Daddy came home from the barn a few days ago and announced that we were about to have another baby born. This time the bovine kind. Mama Cow is due any day now. My father has been checking her night and day, afraid that she’ll “go” when he’s not around to help. My father the midwife. It’s a family tradition. As far back as I can remember we raised cows. My first memorable memories were of the barn. When other kids were playing with plastic toys, the kids in my family were dragging around baby cows on leashes like they were dogs. Or, more often than not, the cows dragged us around. You can’t imagine how much power a 70lb calf has, even up against a full grown human.
It was the most amazing honor to be summoned to the barn in the middle of the night by my grandfather, Papa. We would stay up all night waiting for the call. Sleep was never an option. We’d lie awake in bed, wondering if it would be a bull or a heifer. If we could help pull if it got stuck. Then the back door would creak open and we’d hear his heavy footsteps. He’d try to keep quiet coming through the kitchen so he didn’t wake Nany up. Then he’d stand at the bottom of the stairs and whisper up, “Get yer shit-kickers on.” By the time we flipped on the light switch and got dressed, the only thing remaining in the house was the lingering scent of Papa’s Pall Mall. We’d race for the door, fly down the backyard to the barn, tripping over each others feet and falling flat on our faces in the rush. It was always cold on birthing nights. The cows didn’t seem to have the good sense to give birth during the balmy early summer. March and April seemed to be their preference. Once we hit the barn it was warm. The heat of the animals kept it toasty inside. Papa would meet us at the door and if we were too noisy, he’d whisper (harshly) “Hark it!” Then we’d pick our way around the stanchions to the hind end of the cow.

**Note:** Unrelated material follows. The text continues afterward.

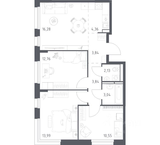Строим кварталы для жизни с заботой о будущем. Предлагается 1-комнатная квартира комфорт-класса площадью 34,56 кв.м в корпусе 7.1 на 16-м этаже, в жилом комплексе "Прибрежный Парк". Застройщик сдает квартиры с отделкой в нескольких вариантах: предчистовая, готовая, улучшенная или вариант без нее. Последний подойдет тем, кто хочет создать свой уникальный интерьер и ничем себя не ограничивать. А если не хочется тратить время на ремонт, можно выбрать опцию — с отделкой. Перед тем как отдать ключи, застройщик установит натяжные потолки, поклеит обои под покраску, положит ламинат светлых тонов, а в санузлах — керамическую плитку и керамогранит. Приобрести квартиру возможно по специальным акциям от застройщика, с текущими условиями акций можно ознакомиться в блоке "Акций". Цена динамическая и может отличаться, уточняйте актуальность у застройщика. Жилой комплекс "Прибрежный Парк" находится в 9 км от МКАДа. Корпуса проекта — дома высотой 1217 этажей с комбинированными фасадами из кирпича и фиброцементных плит. Территорию "Прибрежного Парка" огибает река Пахра, рядом располагается Видновский парк. Здесь можно кататься на велосипедах, заниматься бердвотчингом, устраивать пикники на лужайках и любоваться деревьями из окон квартиры. Внутри проекта появятся спорткомплекс с бассейном, поликлиника, школа и 3 детских сада, один из которых уже открыт. Оставить авто можно на паркинге за пределами жилого комплекса. Выбрать "Прибрежный Парк" — значит сделать ставку на комфортную жизнь в окружении природы. "Прибрежный Парк" — это: 1. До МКАДа — 9 км 2. 15 минут ходьбы до ж/д станции Ленинская и 25 минут на авто до аэропорта Домодедово 3. Коробовский и Богдановский лес, река Пахра и Большой Людовинский пруд у дома 4. Собственная инфраструктура с построенными Школой и детским садом 5. Благоустроенная пешеходная набережная внутри проекта 6. Всесезонная игровая площадка PlayHub для детей всех возрастов 7. Безопасные игровые и спортивные площадки 8. Колясочные и кладовые 9. Безбарьерные входы в подъезды 10. Магазины и кофейни на первых этажах домов 11. Догхабы, лужайки, воркаут-пространства 12. Паркинг — за территорией комплекса 13. Также планах открыть еще несколько школ, детских садов, поликлинику, спорткомплекс с бассейном, клинический госпиталь "Мать и дитя"
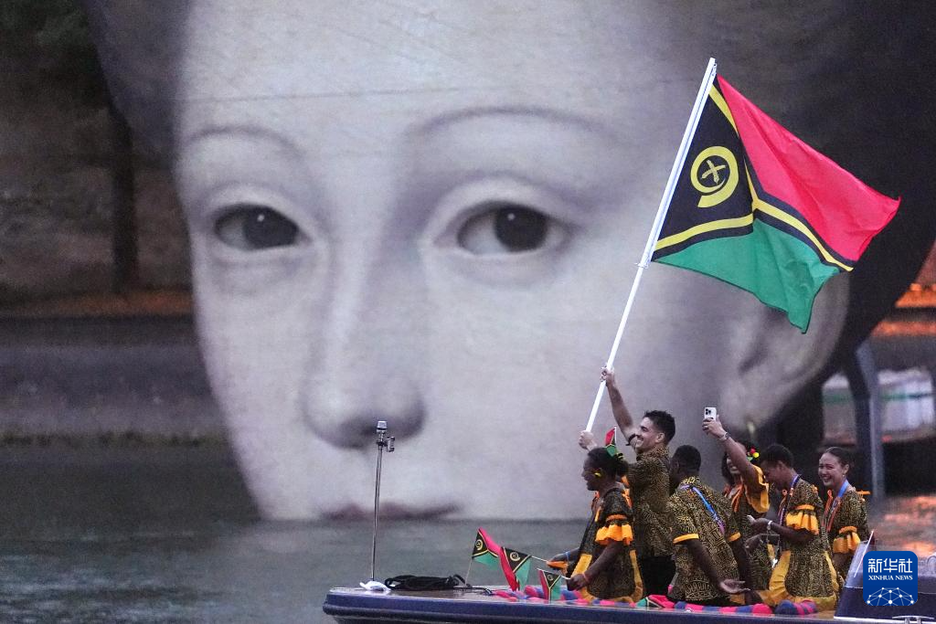 7月26日,瓦努阿圖體育代表團在開幕式上。新華社記者 萬象 攝

Mama Cow would be chewing her cud like nothing big was about to happen. A foot-long shimmering trail of clear mucous would be dangling from her privates (if you can actually call an animal’s external genitalia “private”). Papa called it jizzum. I’m not sure that these days that term would float, but who am I to judge?
Anyways, after the mucous comes a hoof surrounded by a pearly, bluish sack. Every so often she’d hunch up and strain and the hoof would poke farther out. She’d continue chewing her cud; Papa would stroke her withers and scratch her forehead. He had a special relationship with his cows. They even had their own personal television and radio. He said that it kept them company when he wasn’t around, which was typically just enough time for him to catch a cat nap each night. Papa spent the greater extent of his life in and around the barn.
After a little bit, the sack would extend farther out and the tip of the calf’s nose would appear. Another push and a blocky head would pop out. Usually just minutes later, if all went as planned, the full length of the calf would slowly slip out and it would dangle briefly before plopping to the ground. The first time I saw this I was in an utter panic. When a calf falls to the ground, they are limp and lifeless looking. They don’t move, they don’t have any sort of tone to indicate their body is working, and they don’t breathe immediately. It’s terrifying.
Papa would rush to the calf and swirl his fingers around its mouth, pulling out any mucous blocking its airway. He’d give it a slap on it’s hind end to startle it and then… miraculously, it would spring to life. Its little calf-head would lift up, eyeballs rolling around. Mama Cow would come over and begin licking it. Steam would rise from its fluid-slicked body. The scent of amniotic fluid would flood the barn. My cousins and I would stand with our mouths wide open and our hearts pounding. We were so lucky.
Thirty years later, and I still get the same rush of excitement when it’s calving time. I still stay up all night on red-alert, unable to sleep for all the adrenaline rushing through my veins. The only difference being that it’s not Papa that wakes me up now, it’s Daddy. And the person that I prevent from sleeping is my husband. Calving never gets old. Maybe because to me it heralds the turn of the season. It lets me know that all the time I spent hating winter is about to end. It gives me the fresh burst of life that I need to get through those final depressing weeks of cold and dead. So here’s to hoping that Mama Cow calves out this weekend. Because not only will that mean Spring is truly here, but I’ll have a sweet hay-scented baby calf to play with this summer!
Here is a slideshow of one of our cows giving birth a few years ago.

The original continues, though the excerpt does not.